# GIVEN DATA
━━━━━━
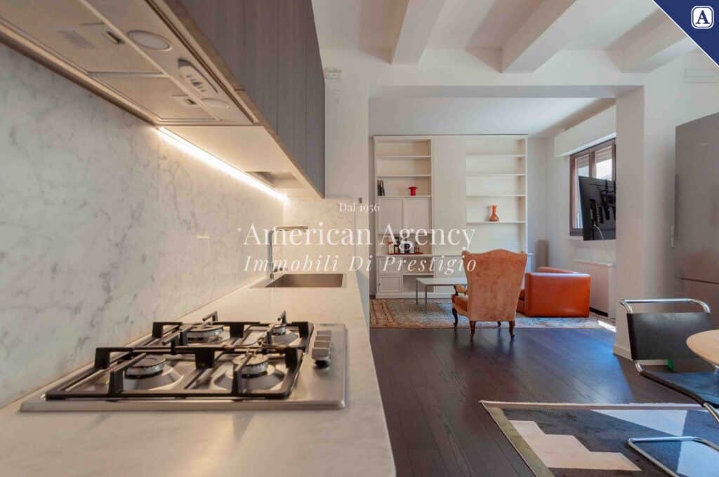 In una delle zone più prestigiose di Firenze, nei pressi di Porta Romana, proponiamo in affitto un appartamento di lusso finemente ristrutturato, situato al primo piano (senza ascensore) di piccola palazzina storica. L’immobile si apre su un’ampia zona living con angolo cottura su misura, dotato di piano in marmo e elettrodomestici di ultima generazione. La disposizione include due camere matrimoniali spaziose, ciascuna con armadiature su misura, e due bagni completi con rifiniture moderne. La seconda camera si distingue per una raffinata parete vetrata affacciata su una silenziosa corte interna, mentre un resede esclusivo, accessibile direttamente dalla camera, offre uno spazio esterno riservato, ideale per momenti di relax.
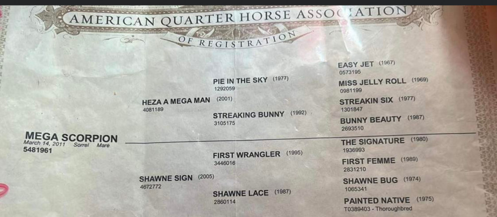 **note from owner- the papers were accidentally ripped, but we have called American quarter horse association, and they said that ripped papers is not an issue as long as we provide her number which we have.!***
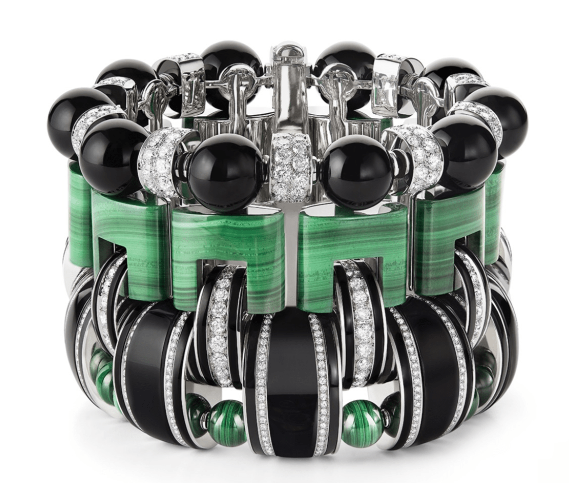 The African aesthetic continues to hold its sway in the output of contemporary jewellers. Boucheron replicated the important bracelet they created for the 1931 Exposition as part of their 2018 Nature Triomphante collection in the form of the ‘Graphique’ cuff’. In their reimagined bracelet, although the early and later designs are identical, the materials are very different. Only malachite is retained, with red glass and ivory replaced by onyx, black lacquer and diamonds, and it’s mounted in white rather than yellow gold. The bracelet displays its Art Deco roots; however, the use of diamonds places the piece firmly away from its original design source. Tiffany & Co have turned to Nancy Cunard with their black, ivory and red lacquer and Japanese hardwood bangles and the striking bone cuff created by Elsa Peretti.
━━━━━━
# EXERCISE DETAILS
Write out the data above precisely. Pictures stay out.

# OUTPUT OF THE TASK
 In una delle zone più prestigiose di Firenze, nei pressi di Porta Romana, proponiamo in affitto un appartamento di lusso finemente ristrutturato, situato al primo piano (senza ascensore) di piccola palazzina storica. L’immobile si apre su un’ampia zona living con angolo cottura su misura, dotato di piano in marmo e elettrodomestici di ultima generazione. La disposizione include due camere matrimoniali spaziose, ciascuna con armadiature su misura, e due bagni completi con rifiniture moderne. La seconda camera si distingue per una raffinata parete vetrata affacciata su una silenziosa corte interna, mentre un resede esclusivo, accessibile direttamente dalla camera, offre uno spazio esterno riservato, ideale per momenti di relax.
 **note from owner- the papers were accidentally ripped, but we have called American quarter horse association, and they said that ripped papers is not an issue as long as we provide her number which we have.!***
 The African aesthetic continues to hold its sway in the output of contemporary jewellers. Boucheron replicated the important bracelet they created for the 1931 Exposition as part of their 2018 Nature Triomphante collection in the form of the ‘Graphique’ cuff’. In their reimagined bracelet, although the early and later designs are identical, the materials are very different. Only malachite is retained, with red glass and ivory replaced by onyx, black lacquer and diamonds, and it’s mounted in white rather than yellow gold. The bracelet displays its Art Deco roots; however, the use of diamonds places the piece firmly away from its original design source. Tiffany & Co have turned to Nancy Cunard with their black, ivory and red lacquer and Japanese hardwood bangles and the striking bone cuff created by Elsa Peretti.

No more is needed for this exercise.